Wie sieht es bezüglich der Ostsee aus? In der Ostsee wird Offshore gar nicht so stark ausgebaut, zumindest nicht im deutschen Teil. Sollte man da überhaupt noch weiter ausbauen, weil gerade die Ostsee große ökologische Probleme hat?

In der Ostsee gibt es ein gemeinsames Projekt mit Dänemark. Und zwar ist geplant Bornholm als Energie-Insel zu nutzen und einen hybriden Anschluss zu schaffen, also eine Verbindungs-Leitung nach Deutschland, Mecklenburg-Vorpommern zu bauen und eine weitere nach Dänemark. Grundsätzlich bin ich der Auffassung, dass der Ausbau der Erneuerbaren Energien – auch der Offshore-Windkraft – am Ende auch dem Meeresschutz hilft.

Kennen Sie Forschungsergebnisse, die sagen: In einem Windpark ist auch Naturschutz möglich beziehungsweise dort entstehen auch neue Ökosysteme?

Ja, auch die Diskussion gibt es. Das muss man weiter beobachten, weil in so einem Windpark etwa die Fischerei eingeschränkt ist oder gar nicht mehr stattfindet. Die Fischerei kann ja durch Überfischung auch massive Auswirkungen auf die Flora und Fauna im Meer haben. In Windparks entstehen deshalb möglicherweise auch Ruhezonen.

Für die Schifffahrt gilt im Übrigen, dass hier Schäden begrenzt werden müssen. Auch hier sind die Klimaziele einzuhalten. Bislang wird auf den Meeren praktisch der gesamte Abfall aus den Raffinerien dieser Welt verbrannt. Da geht praktisch der ganze Abfall aus den Raffinerien in die schweren Schiffsmotoren. Die Grenzwerte sind dort ganz anders definiert als an Land. Jetzt gibt es einige Schiffe, die arbeiten mit sogenannten Scrubbern, also so Rauch-Wasch-Einrichtungen. Die Waschreste werden dann allerdings häufig ins Meer gespült.

Der Großteil dieser Schadstoffe landet also doch im Meer und auch das muss sich in Zukunft ändern. Deswegen diskutiert die Schifffahrt gerade auch, wie sie künftig sicherstellt, dass sie nachhaltige Antriebe hat, ob das Richtung Wasserstoff-Derivate geht oder Einsparungen durch Slow Steaming, Digitalisierung oder auch Windkraft-Unterstützung ist noch offen. Aber da wird vieles kommen, was heute schon technisch möglich ist.
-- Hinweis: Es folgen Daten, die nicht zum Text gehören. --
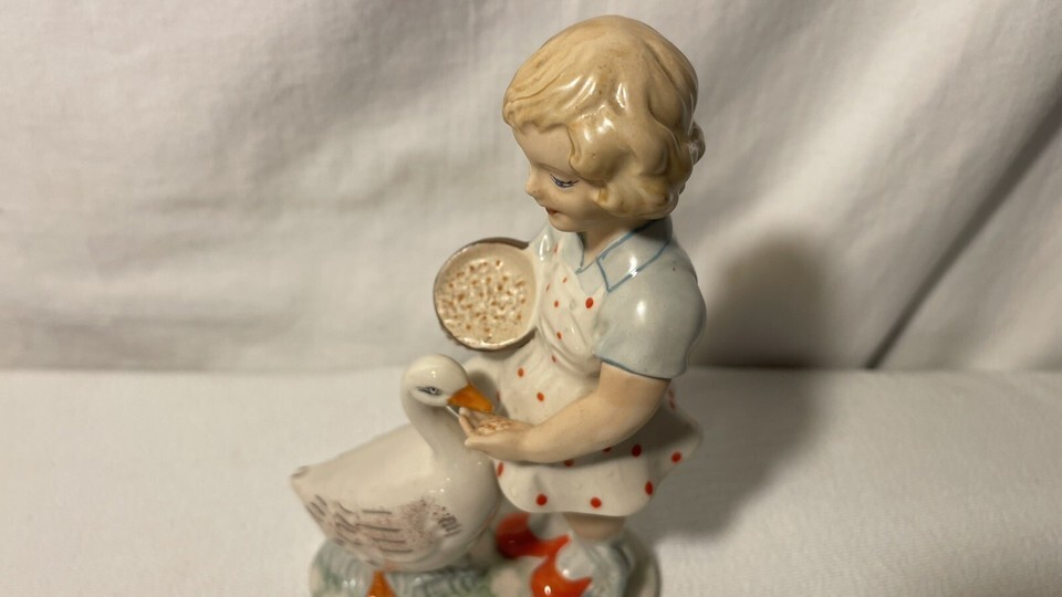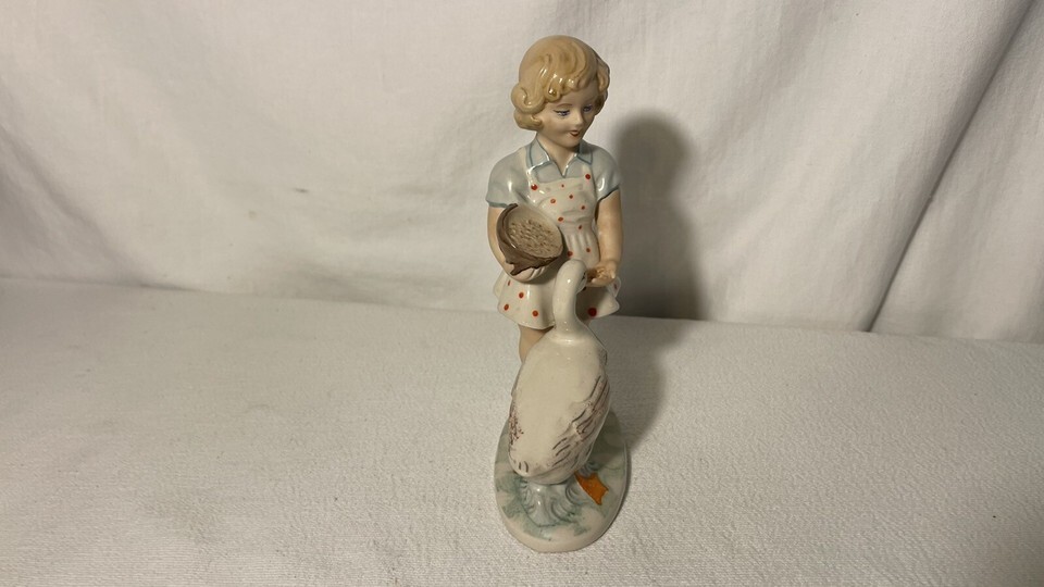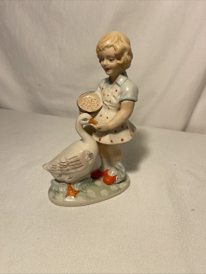 Vintage Antique ARPO Made in Romania Girl Feeding Duck Goose Figurine
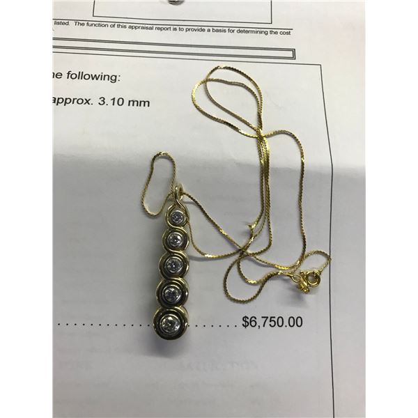 14K YG Diamond Pendant - 5 Round Diamonds 12.6g (Retail Value $6750.00)
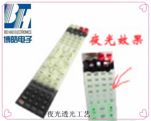 夜光硅膠按鍵指在硅膠原料中加入了一定比例的熒光粉,使用硅膠按鍵能夠在黑暗的環境下發出夜光。如圖:
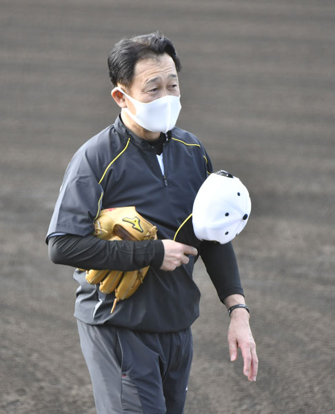 阪神春季キャンプ(沖縄・宜野座)に臨時コーチとして参加している川相昌弘氏(56)が3日、投手陣を前にバント指導を行った。

Wie groß ist Ihre Hoffnung, dass Sie auch über Repowering mehr Leistung auf See bringen und dadurch vielleicht die Flächennutzung begrenzen? Es gibt ja Parks, die ungefähr seit 2015 Strom liefern, ungefähr 2012 gebaut wurden. Es gibt mittlerweile viel leistungsfähigere Anlagen wie etwa von Siemens mit 14 Megawatt oder von Vestas mit 15 Megawatt. Würden Sie jetzt schon Genehmigungsverfahren anstreben, damit auf den bereits genutzten Flächen später auch repowert werden kann?

Die Anlagen sind ja in der Regel auf 20 bis 30 Jahre Lebensdauer ausgelegt. Repowering ist im Moment an Land ein ganz zentrales Thema, auf See momentan weniger. Langfristig wird man das sicher auch machen. Im Moment ist eher die Recycling-Fähigkeit ein Thema.